> **Exercise requirements**: Only the lines from the one containing "Набивати на своєму" through the one containing "肇庆视障运动员石金飞获2025残特奧会铁人三项男子PTVI3组别金牌" should be printed, exactly as they appear below, with both ends included.

> **Supplied data**:
***
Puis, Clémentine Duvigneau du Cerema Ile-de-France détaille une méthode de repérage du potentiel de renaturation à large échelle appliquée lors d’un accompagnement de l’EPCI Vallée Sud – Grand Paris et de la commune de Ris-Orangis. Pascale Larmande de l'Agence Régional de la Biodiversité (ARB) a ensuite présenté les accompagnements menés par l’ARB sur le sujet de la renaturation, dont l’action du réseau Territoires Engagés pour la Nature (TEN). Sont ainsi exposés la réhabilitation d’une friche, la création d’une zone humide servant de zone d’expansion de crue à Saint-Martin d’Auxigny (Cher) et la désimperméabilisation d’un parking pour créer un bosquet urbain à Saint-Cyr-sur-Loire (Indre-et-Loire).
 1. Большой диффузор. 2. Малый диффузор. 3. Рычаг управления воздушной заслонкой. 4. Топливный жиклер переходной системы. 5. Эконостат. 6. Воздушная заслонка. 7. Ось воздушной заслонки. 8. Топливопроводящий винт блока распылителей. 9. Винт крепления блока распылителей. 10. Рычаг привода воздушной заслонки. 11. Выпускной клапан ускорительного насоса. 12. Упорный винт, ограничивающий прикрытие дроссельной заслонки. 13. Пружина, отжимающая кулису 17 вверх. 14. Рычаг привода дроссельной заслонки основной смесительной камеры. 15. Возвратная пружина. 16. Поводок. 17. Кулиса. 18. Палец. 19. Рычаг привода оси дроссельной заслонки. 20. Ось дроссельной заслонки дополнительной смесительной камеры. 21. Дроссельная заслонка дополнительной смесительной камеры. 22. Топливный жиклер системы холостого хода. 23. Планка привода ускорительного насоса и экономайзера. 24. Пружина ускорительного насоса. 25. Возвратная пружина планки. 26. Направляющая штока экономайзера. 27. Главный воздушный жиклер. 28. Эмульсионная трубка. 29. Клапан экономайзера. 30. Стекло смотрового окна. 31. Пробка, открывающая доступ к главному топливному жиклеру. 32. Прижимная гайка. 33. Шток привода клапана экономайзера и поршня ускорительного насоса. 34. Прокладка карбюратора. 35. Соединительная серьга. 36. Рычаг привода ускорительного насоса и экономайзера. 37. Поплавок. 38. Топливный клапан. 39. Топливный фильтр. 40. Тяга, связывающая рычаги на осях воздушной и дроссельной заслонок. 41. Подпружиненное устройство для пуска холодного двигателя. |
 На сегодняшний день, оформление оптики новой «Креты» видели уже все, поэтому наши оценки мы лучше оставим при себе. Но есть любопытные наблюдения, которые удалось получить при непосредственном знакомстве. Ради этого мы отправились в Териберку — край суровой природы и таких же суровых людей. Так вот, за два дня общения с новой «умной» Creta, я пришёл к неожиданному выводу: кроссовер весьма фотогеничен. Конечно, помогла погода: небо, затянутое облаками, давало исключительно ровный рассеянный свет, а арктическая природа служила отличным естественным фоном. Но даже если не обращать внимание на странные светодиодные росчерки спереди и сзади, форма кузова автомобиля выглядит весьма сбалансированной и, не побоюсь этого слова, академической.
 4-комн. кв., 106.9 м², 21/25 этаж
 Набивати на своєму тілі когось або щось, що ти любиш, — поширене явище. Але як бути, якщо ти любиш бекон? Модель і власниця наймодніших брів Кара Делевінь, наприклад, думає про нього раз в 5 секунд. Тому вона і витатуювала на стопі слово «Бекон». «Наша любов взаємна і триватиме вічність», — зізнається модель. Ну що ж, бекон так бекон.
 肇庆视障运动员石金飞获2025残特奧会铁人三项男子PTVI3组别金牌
***
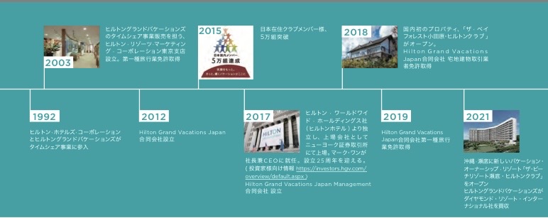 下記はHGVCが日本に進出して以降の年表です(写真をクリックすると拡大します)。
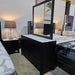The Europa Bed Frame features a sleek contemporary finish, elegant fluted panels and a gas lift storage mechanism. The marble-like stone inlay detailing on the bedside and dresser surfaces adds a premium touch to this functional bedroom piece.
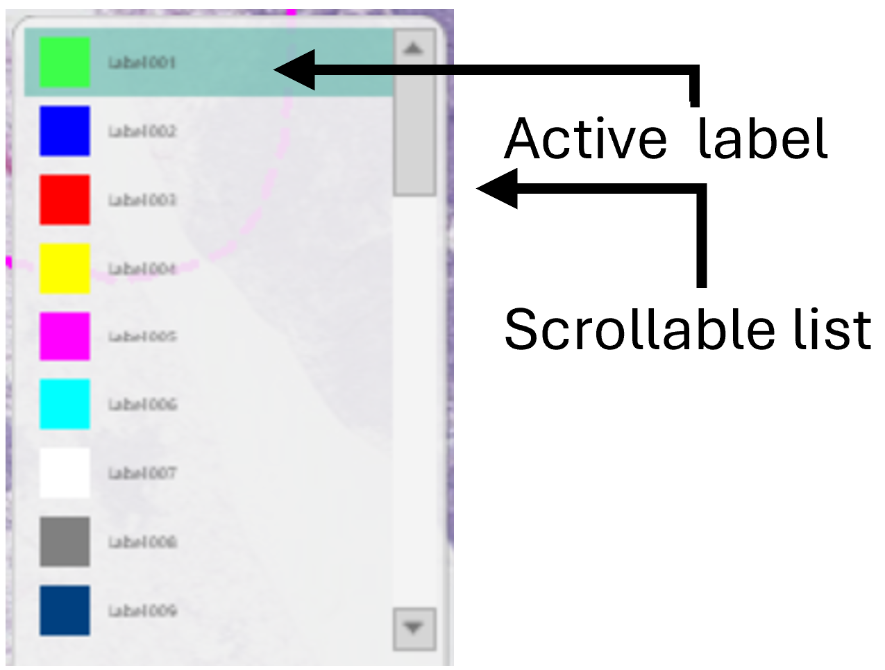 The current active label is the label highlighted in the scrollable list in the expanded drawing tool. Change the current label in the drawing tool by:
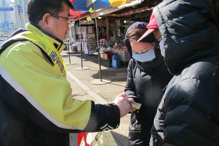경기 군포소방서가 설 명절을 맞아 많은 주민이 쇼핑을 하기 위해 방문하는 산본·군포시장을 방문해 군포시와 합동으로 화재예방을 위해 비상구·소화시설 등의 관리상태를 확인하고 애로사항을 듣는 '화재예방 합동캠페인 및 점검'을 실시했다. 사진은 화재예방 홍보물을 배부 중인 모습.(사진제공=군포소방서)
***
> **Answer to this problem**:
 Набивати на своєму тілі когось або щось, що ти любиш, — поширене явище. Але як бути, якщо ти любиш бекон? Модель і власниця наймодніших брів Кара Делевінь, наприклад, думає про нього раз в 5 секунд. Тому вона і витатуювала на стопі слово «Бекон». «Наша любов взаємна і триватиме вічність», — зізнається модель. Ну що ж, бекон так бекон.
 肇庆视障运动员石金飞获2025残特奧会铁人三项男子PTVI3组别金牌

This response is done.